Even in the toughest of times, the on-the-ground presence around the world and rapid response by U.S. Grains Council (USGC) staff can turn a crisis into an opportunity to build lasting markets.

Twenty vessels of U.S. sorghum were in transit to China when the country announced an immediate 178.6 percent preliminary anti-dumping duty on U.S. sorghum on April 18, 2018. The Council, as the export market development organization for the U.S. sorghum industry, went immediately to work – fielding calls by members and international customers looking for alternative markets for these sorghum shipments.

Buyers responded just as quickly to the situation and vessels were re-routed, albeit at a significantly discounted price, to markets including Spain, Saudi Arabia and many others. Now, the U.S. Department of Agriculture (USDA) is reporting new sales of U.S. sorghum to even more markets, thanks in large part to the Council’s efforts to prepare and keep buyers informed of the sorghum situation.

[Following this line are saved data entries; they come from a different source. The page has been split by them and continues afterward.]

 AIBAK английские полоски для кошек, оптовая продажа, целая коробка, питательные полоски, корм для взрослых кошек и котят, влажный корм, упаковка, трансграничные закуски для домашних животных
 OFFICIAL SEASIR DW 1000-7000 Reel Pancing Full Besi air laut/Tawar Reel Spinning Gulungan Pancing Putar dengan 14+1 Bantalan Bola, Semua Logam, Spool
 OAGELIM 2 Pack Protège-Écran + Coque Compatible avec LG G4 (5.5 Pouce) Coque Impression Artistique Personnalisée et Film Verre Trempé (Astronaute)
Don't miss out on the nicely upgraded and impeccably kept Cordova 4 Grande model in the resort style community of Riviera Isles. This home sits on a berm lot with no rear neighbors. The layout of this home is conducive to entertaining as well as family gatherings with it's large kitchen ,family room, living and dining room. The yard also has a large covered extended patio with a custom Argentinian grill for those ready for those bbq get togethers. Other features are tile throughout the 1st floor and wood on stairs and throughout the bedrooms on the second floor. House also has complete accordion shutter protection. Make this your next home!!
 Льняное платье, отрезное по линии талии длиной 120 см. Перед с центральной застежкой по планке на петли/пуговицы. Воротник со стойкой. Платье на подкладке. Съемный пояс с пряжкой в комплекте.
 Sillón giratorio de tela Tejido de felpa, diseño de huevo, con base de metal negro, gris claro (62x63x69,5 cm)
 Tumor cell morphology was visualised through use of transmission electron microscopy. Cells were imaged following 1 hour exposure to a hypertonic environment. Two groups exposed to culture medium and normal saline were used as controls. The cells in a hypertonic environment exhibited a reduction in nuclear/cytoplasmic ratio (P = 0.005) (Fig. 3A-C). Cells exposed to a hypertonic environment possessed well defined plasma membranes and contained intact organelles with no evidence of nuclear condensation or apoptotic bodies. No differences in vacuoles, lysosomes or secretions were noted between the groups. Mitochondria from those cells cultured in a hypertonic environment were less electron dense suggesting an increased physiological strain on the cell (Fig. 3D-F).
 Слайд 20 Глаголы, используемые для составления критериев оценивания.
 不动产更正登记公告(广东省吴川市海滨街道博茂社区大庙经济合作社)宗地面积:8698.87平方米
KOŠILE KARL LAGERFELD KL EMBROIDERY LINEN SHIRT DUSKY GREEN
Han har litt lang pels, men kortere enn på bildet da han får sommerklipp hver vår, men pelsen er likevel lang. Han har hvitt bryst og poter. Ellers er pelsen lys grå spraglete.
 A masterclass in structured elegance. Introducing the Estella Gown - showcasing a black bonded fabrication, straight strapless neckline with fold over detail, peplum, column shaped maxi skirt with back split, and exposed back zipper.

“The intense efforts of the Council’s global network to find alternative markets for U.S. sorghum demonstrates how responsive we are as an organization,” said Deb Keller, USGC chairman and farmer from Iowa. “This work is emblematic of who we are and what we have done since the organization was founded in 1960.

“This is the Council doing what it does best and we are very proud of it.”

Sorghum has served as a cornerstone commodity of the Council since the organization’s inception. Since that time, the Council has worked to develop worldwide markets for U.S. sorghum, resulting in a long list of countries with experience using the coarse grain, including Japan, Spain, Saudi Arabia, South Korea, Morocco and Mexico.

For example, U.S. sorghum producers from Kansas and Texas tapped into logistical advantages during a direct sales mission to Mexico organized by the Council and the United Sorghum Checkoff Program (USCP) in June 2017. The duty-free provisions in the North American Free Trade Agreement (NAFTA) have led to increasingly-integrated logistics for the grain trade in the second largest market for U.S. sorghum. Mexican end-users now prefer U.S. sorghum over local sorghum supplies for high-protein, quality feed, but the U.S. grain also must compete on price.

Japan and Spain have been long-time, significant markets for U.S. sorghum. However, in recent years, they have not purchased substantial quantities of U.S. sorghum due to strong demand by Chinese importers. Nevertheless, the Council has continued to maintain contacts in these countries.